I thought St. Patrick was just an Irish leprechaun. I'd never even thought about him as an actual person. Or an actual saint. It was just a holiday.

“So, how old were you when you discovered St. Patrick?” I teased.

“Twelve! He was bloody twelve!” Tiffa bellowed from the backseat, making everyone laugh. “When Darcy was born, he was wearing a tiny little bow tie and braces.”

“Braces?” I giggled.

“Suspenders,” Wilson supplied dryly.

“He has always been an absolute geek,” Tiffa chortled. “That, my dear Blue, is why he's brilliant. And wonderful.”

“Don't try to be nice to me now, Tiff,” Wilson smiled, catching her gaze in his rear view mirror.

“All right. I won't. Did you know he was going to be a doctor, Blue?”

“Tiffa!” Wilson moaned.

“Yes . . . actually. I did know that.” I patted Wilson's shoulder.

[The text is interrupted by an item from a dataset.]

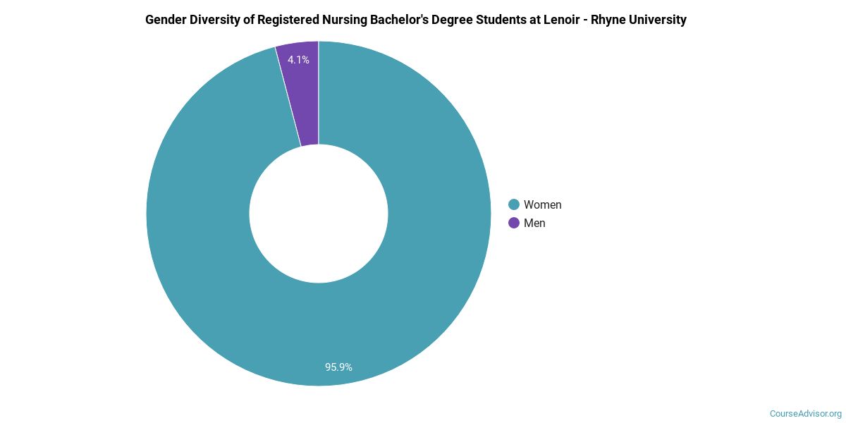 About 82% of those who receive a bachelor's degree in registered nursing at Lenoir - Rhyne University are white. This is above average for this degree on the nationwide level.

“He wasn't cut out for it. He would have been completely miserable. Dad saw how brilliant Darcy was and just assumed that meant he should be a 'man of medicine' like he was, and his father before him, and his father before him. But Darcy was brilliant in all the ways that had nothing to do with science, right luv?”

Wilson just sighed and shook his head.

“Darcy always had his nose in a book. He used enormous words and used them correctly . . . at least I think he did. He loved history, literature, poetry.”

“Have you heard him quote Dante?” I interrupted.

Wilson's eyes shot to mine.

“What was that lovely poem you shared with us . . . about harpies?” I questioned.

Wilson chuckled at the memory and quoted the lines obediently.

Tiffa moaned, “That's awful!”

“I thought so, too,” I laughed. “I couldn't forget it, though. I ended up carving 'Bird Woman' as a result.”

“That's what inspired 'Bird Woman?'” Wilson asked, astonishment coloring his voice.